To search for vulnerable systems:

  1. In Defender for IoT on the Azure portal, select Workbooks > Vulnerabilities to open the Vulnerabilities workbook.

  2. In the Subscription selector at the top of the page, select the Azure subscription where your OT sensors are onboarded.

    The workbook is populated with data from across your entire network.

  3. Scroll down to view the lists of Vulnerable devices and Vulnerable components. These devices and components in your network require attention, such as a firmware or software update, or replacement if no more updates are available.

  4. In the SiteName select at the top of the page, select one or more sites to filter the data by site. Filtering data by site can help you identify concerns at specific sites, which may require site-wide updates or device replacements.

Simulate malicious traffic to test your network

To verify the security posture of a specific device, run an Attack vector report to simulate traffic to that device. Use the simulated traffic to locate and mitigate vulnerabilities before they're exploited.

To run an Attack vector report:

  1. Sign into an OT network sensor that detects the device you want to investigate, and select Attack vector on the left.

  2. Select + Add simulation, and then enter the following details in the Add attack vector simulation pane:

    Field / Option Description
    Name Enter a meaningful name for your simulation, such as Zero Trust and the date.
    Maximum Vectors Select 20 to include the maximum supported number of connections between devices.
    Show in Device Map Optional. Select to show the simulation in the sensor's device map, which allows you to investigate further afterwards.
    Show All Source Devices / Show all Target Devices Select both to show all of the sensor's detected devices in your simulation as possible source devices and destination devices.

    Leave the Exclude Devices and Exclude Subnets blank to include all detected traffic in your simulation.

  3. Select Save and wait for the simulation to finish running. The time it takes depends on the amount of traffic detected by your sensor.

  4. Expand the new simulation and select any of the detected items to view more details on the right. For example:

    Screenshot of a sample attack vector simulation.

  5. Look especially for any of the following vulnerabilities:

    Vulnerability Description
    Devices exposed to the internet For example, these vulnerabilities might be shown with a message of Exposed to external threats due to internet connectivity.
    Devices with open ports Open ports might legitimately be used for remote access, but can also be a risk.

    For example, these vulnerabilities might be shown with a message similar to Allowed remote access using TeamViewer Allowed remote access using Remote Desktop
    Connections between devices that cross subnets For example, you might see a message of Direct connection between devices, which might be acceptable on its own, but risky in the context of crossing subnets.

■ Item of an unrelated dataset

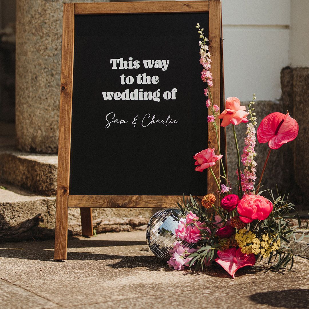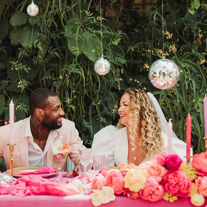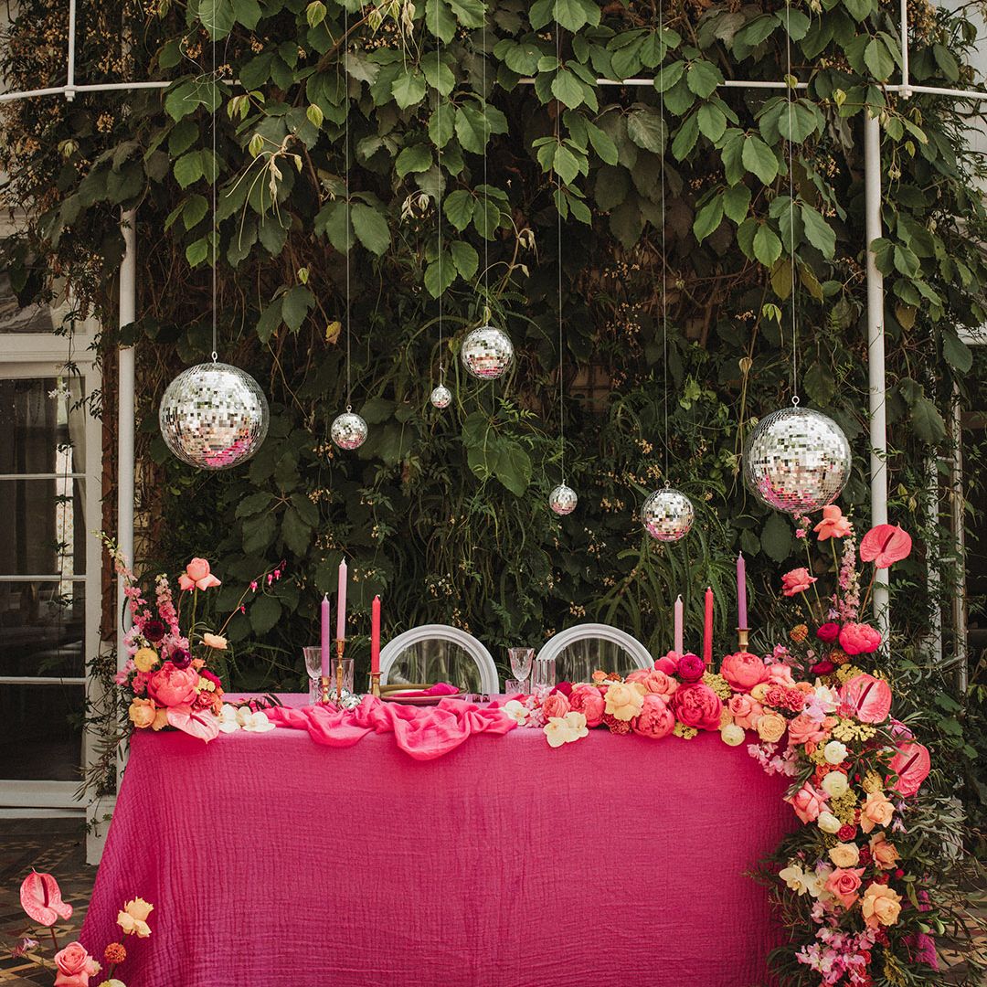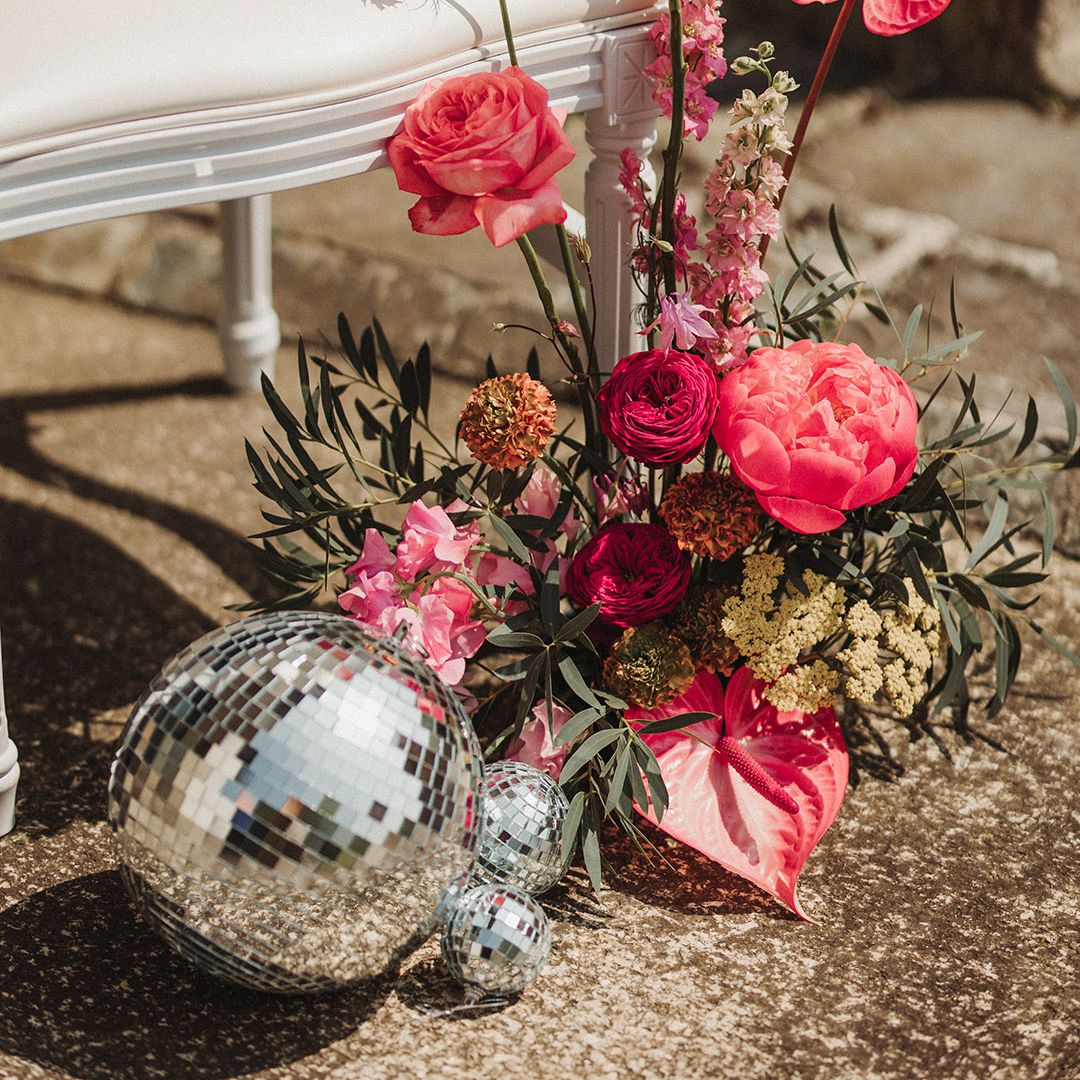 We included disco balls in our table set-up and biodegradable confetti canons full of colour for that extra wow factor. The wedding cake also reflected the style of the shoot with disco balls and bright pink colouring.

Monitor detected data per site or zone

In the Azure portal, view Defender for IoT data by site and zone from the following locations:

Sample alerts to watch for

When monitoring for Zero Trust, the following list is an example of important Defender for IoT alerts to watch for:

  • Unauthorized device connected to the network, especially any malicious IP/Domain name requests
  • Known malware detected
  • Unauthorized connection to the internet
  • Unauthorized remote access
  • Network scanning operation detected
  • Unauthorized PLC programming
  • Changes to firmware versions
  • “PLC Stop” and other potentially malicious commands
  • Device is suspected of being disconnected
  • Ethernet/IP CIP service request failure
  • BACnet operation failed
  • Illegal DNP3 operation
  • Unauthorized SMB login

Next steps

You may need to make changes in your network segmentation based on the results of your monitoring, or as people and systems in your organization change over time.

Modify the structure of your sites and zones, and reassign site-based access policies to ensure that they always match your current network realities.

In addition to using the built-in Defender for IoT Vulnerabilities workbook, create more, custom workbooks to optimize your continuous monitoring.